For example, N is expected to vary with energy‐ or resource availability and, accordingly, the more‐individual hypothesis (MIH) is one of the classic explanations for the LDG (Brown, 2014; Srivastava & Lawton, 1998; Wright, 1983). Historically, the MIH has referred to a collection of different mechanisms by which higher total abundance translates to higher species diversity, including effects on extinction and speciation rates (Evans et al., 2005; Scheiner & Willig, 2005; Storch et al., 2018). However, here we use the term more narrowly to only mean passive sampling effects (Coleman et al., 1982), which is the process by which larger communities (e.g. in the tropics) randomly sample a larger portion of a species pool than small ones (e.g. in temperate regions) (Wright, 1983). Abundance‐related processes that influence extinction (e.g. demographic stochasticity) and diversification rates over the longer term likely alter the SAD and regional species pool, and therefore would be captured by SAD effects in our framework. Indeed, there are a large number of ecological and evolutionary mechanisms that shape and maintain latitudinal gradients in regional SADs. These include differences in time for speciation, environmental stability, species interactions, and niche‐processes (Fine, 2015). While the LDG is generally strongest at larger spatial grains (Hillebrand, 2004), it is largely unknown how such species pool gradients combine with gradients of total abundance to determine local‐scale diversity gradients.

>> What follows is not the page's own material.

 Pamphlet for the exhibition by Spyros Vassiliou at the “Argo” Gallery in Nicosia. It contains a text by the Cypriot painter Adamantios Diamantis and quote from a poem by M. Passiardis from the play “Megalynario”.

Here, we applied the analytical framework to analyze latitudinal gradients of two publicly available datasets with standardized community surveys: (1) forest trees from the Gentry plot dataset (Gentry, 1988, Phillips & Miller, 2002) and (2) reef fish from the Reef Life Survey (Edgar et al., 2020; Edgar & Stuart‐Smith, 2014). Importantly, both data sets use a fixed sampling effort in terms of plot/transect size for their respective sites. Therefore, latitudinal variation in sample diversity reflects changes in the regional species pool (SAD) as well as natural variation in the observed number of individuals (i.e. more‐individuals effect).

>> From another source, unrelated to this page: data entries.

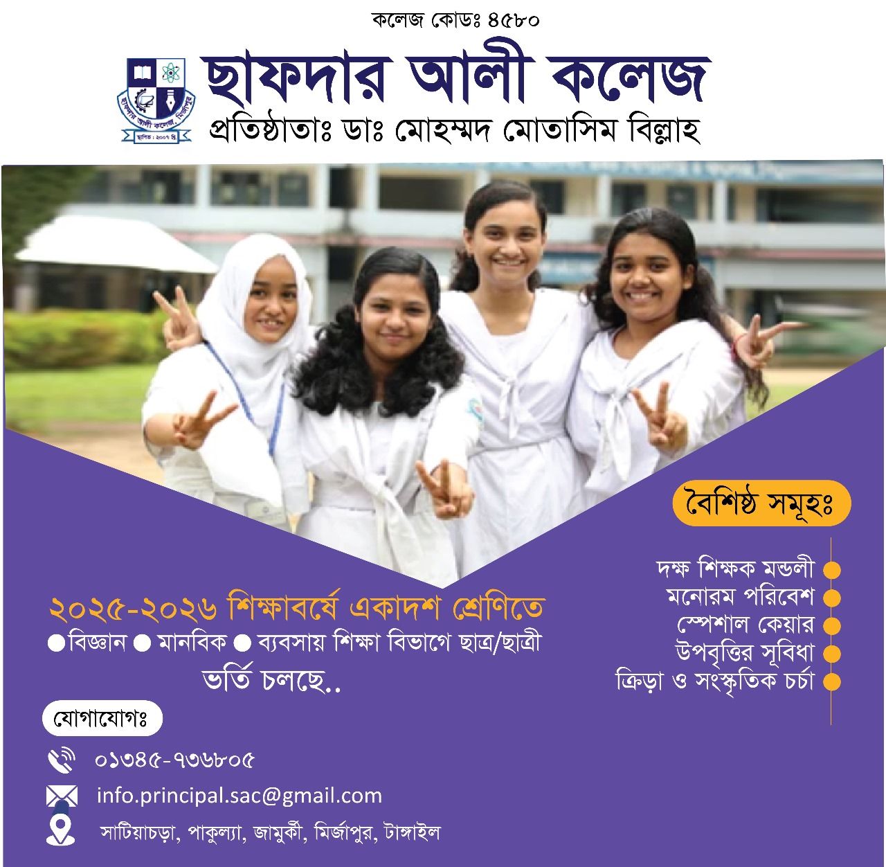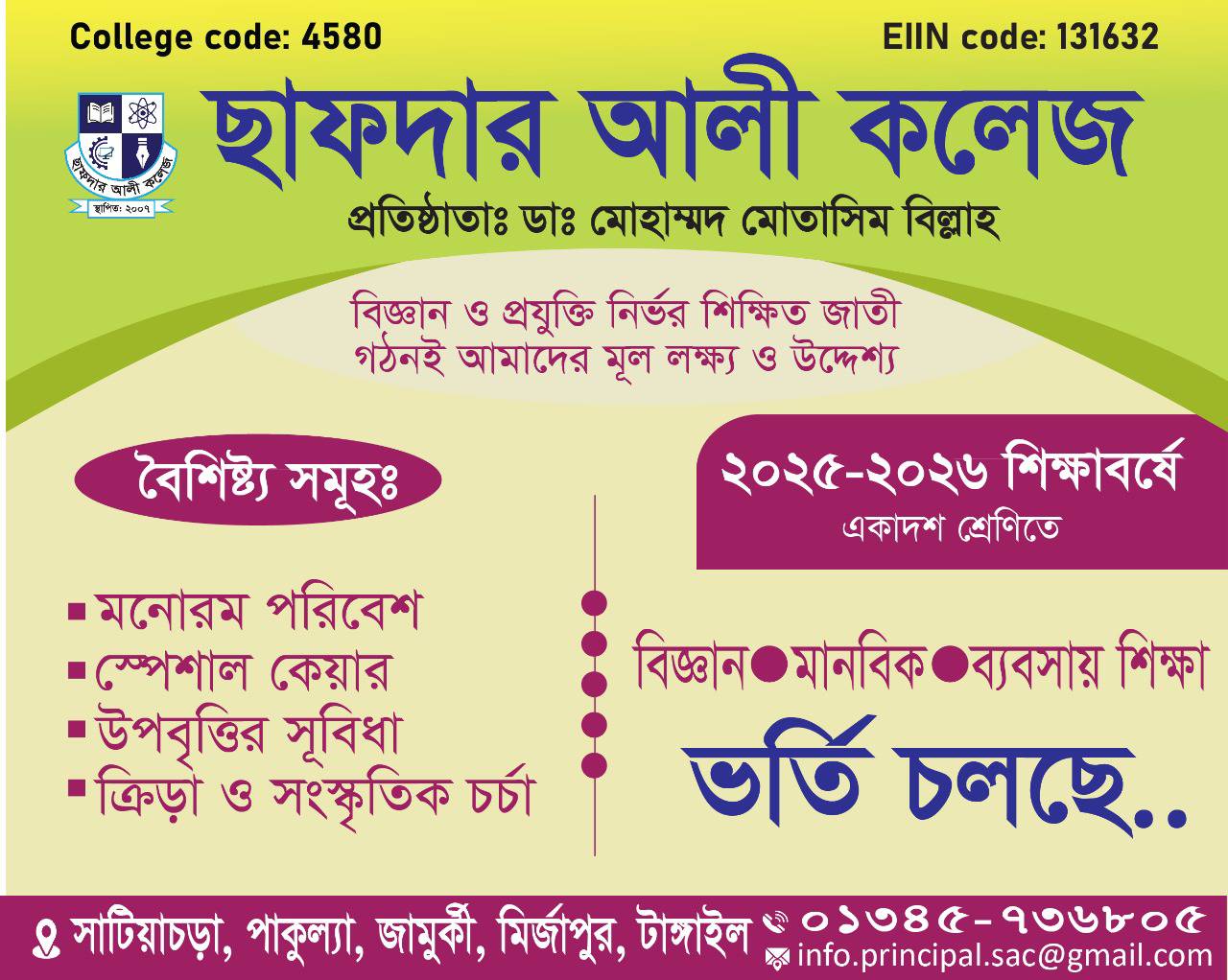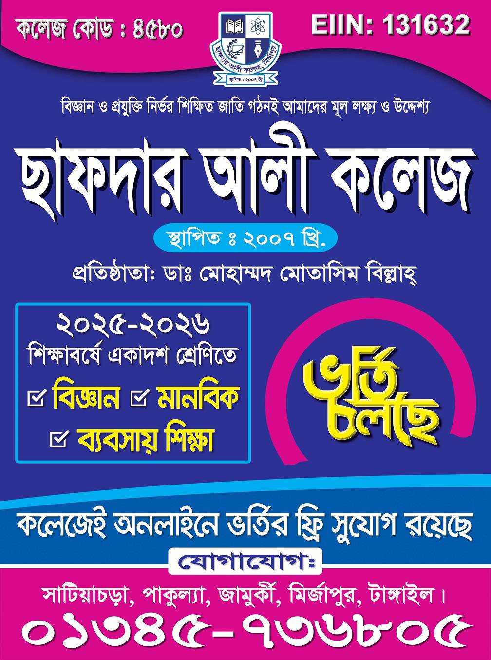 গ্রামীণ জনপদের শিক্ষাব্যবস্থাকে সময়োপযোগী ও প্রযুক্তিনির্ভর ধারায় উন্নীত করার দৃঢ় প্রত্যয় থেকেই ২০০৭ সালে ছাফদার আলী কলেজ প্রতিষ্ঠা করা হয়। আমাদের বিশ্বাস ছিল—ভৌগোলিক অবস্থান কখনোই শিক্ষার মান নির্ধারণ করতে পারে না; সঠিক দৃষ্টিভঙ্গি, পরিকল্পনা ও নেতৃত্ব থাকলে গ্রাম থেকেই গড়ে উঠতে পারে দক্ষ, আত্মবিশ্বাসী ও বিশ্বমানের প্রজন্ম।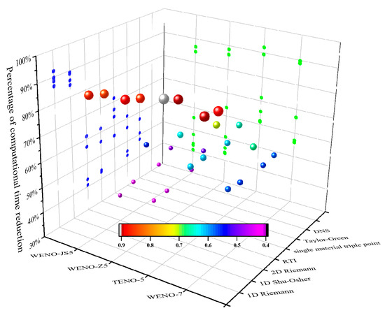 The previous section demonstrated the efficacy of the ADMD scheme in one-, two-, and three-dimensional computations. Its adaptive dispersion and dissipation control properties enable the accurate calculation of flow field discontinuities and the capture of small-scale structures. The simple construction of the ADMD scheme significantly reduces calculation time. This section expands on previous findings by providing a quantitative analysis and delving deeper into this aspect. Figure 36 presents a three-dimensional scatter plot that illustrates the percentage reduction in calculation time achieved by the ADMD scheme compared to the WENO-JS5, WENO-Z5, TENO-5, and WENO-7 schemes in the test cases mentioned.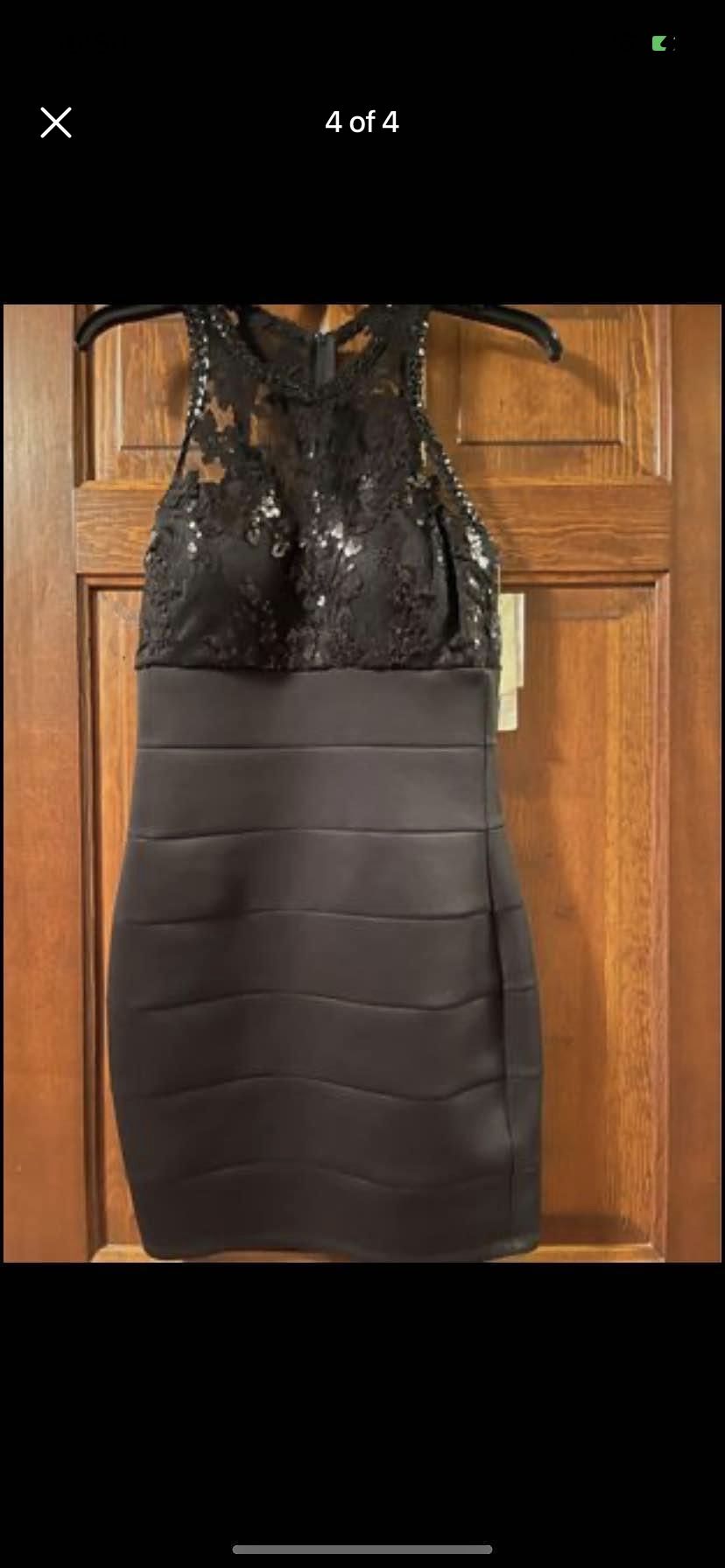 New with tags. Black fitted dress with lace top design. Size 5. Bought at Macys.

Because our main focus was to illustrate the analytical framework, rather than an exhaustive analysis of these data sets, we reduced both data sets into one latitudinal “slice” to minimize other well‐known confounds, such as biogeographic factors, that influence the magnitude of the gradient. For trees, we focused on the plots located in the Americas, so as to avoid the potential influence of continent on tree diversity (Qian & Ricklefs, 2000). And for the reef fish, we only included surveys from the Indo‐Pacific area where diversity is highest, and biogeographic effects (e.g., distance from diversity center) were minimized (Blowes et al., 2017). For both data sets, we excluded sites with fewer than 20 individuals (we also used different cutoff‐levels to test the robustness of our results). Figure S3 shows the geographical location of samples included in our analyses.

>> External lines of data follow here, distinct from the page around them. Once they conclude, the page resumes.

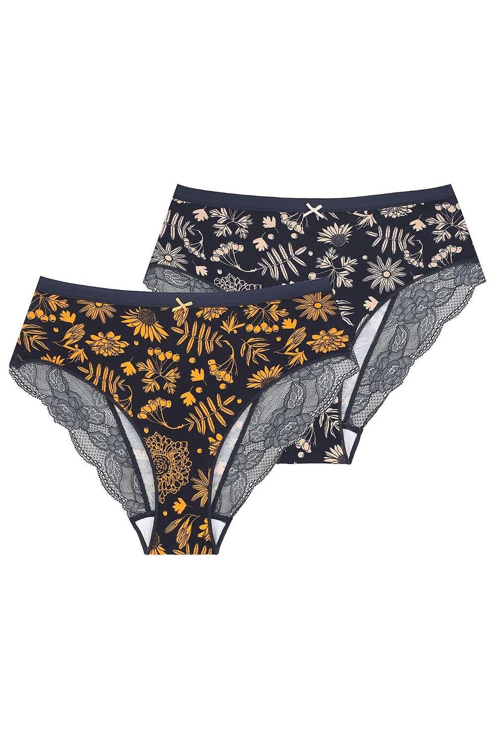 Klasyczne figi damskie- krój typu bikini- wykonane z wysokiej jakości bawełny- tył zdobią koronkowe wykończenia- w pasie płaska wygodna gumka - pakowane w pudełko po dwie sztukiSkład: 95% bawełna, 5% elastan; koronka 90% poliamid, 10% elastan
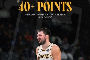 體育資訊11月2日訊 湖人官方曬出東契奇40+得分海報,并配文寫道:“開季連續(xù)3場拿下40+分的球員:盧卡-東契奇、威爾特-張伯倫?!?/p>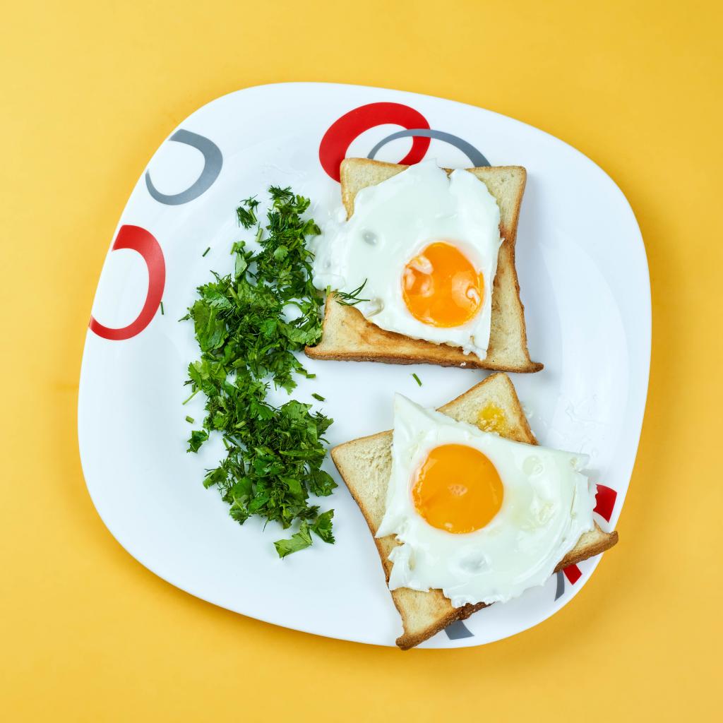 Wallpaper Toast with scrambled eggs on a plate with parsley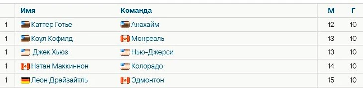 У 21-летнего форварда стало 16 (10+6) очков в 12 играх в текущем сезоне. Он делит 1-е место в гонке снайперов лиги с Коулом Кофилдом («Монреаль»), Джеком Хьюзом («Нью-Джерси»), Нэтаном Маккинноном («Колорадо») и Леоном Драйзайтлем («Эдмонтон»).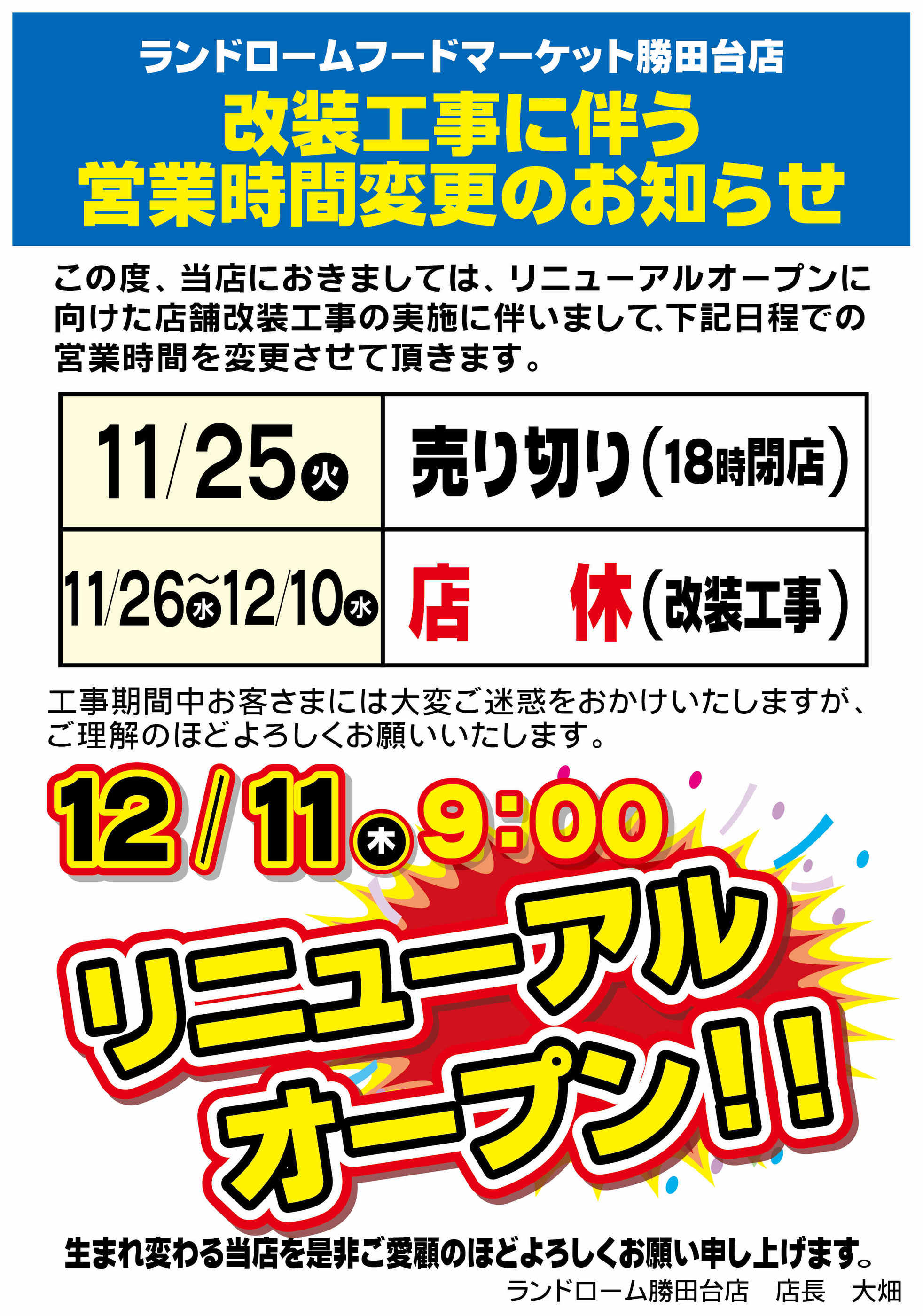 - 2025年10月30日〜12月10日まで改装工事の伴う営業時間変更のお知らせ (1枚)

After selecting the sites, we dissected the observed diversity of each sample into the SAD‐component and the N‐component, assuming a reference sample size of n = 20. To do this, we calculated the observed richness and the rarefied richness (S n ) for n = 20 and derived the corresponding ENS values using Equation 3 in Table 1 (i.e. E N and E n , respectively). E n represents the SAD‐component. The difference between E N (total diversity) and E n (SAD‐component) is the diversity component that results from the changes in N or the more‐individuals effect (N‐component). We then modeled the two components along the latitudinal gradient using simple linear models with absolute latitude as the independent variable, and the SAD and N‐components as dependent variables. We used the regression coefficients (or slopes) as the effect sizes for the respective components. Since our partitioning framework is additive and models are linear, the effect sizes (i.e. slopes) of the two components add up to the effect size (i.e. slope) of the total diversity gradient.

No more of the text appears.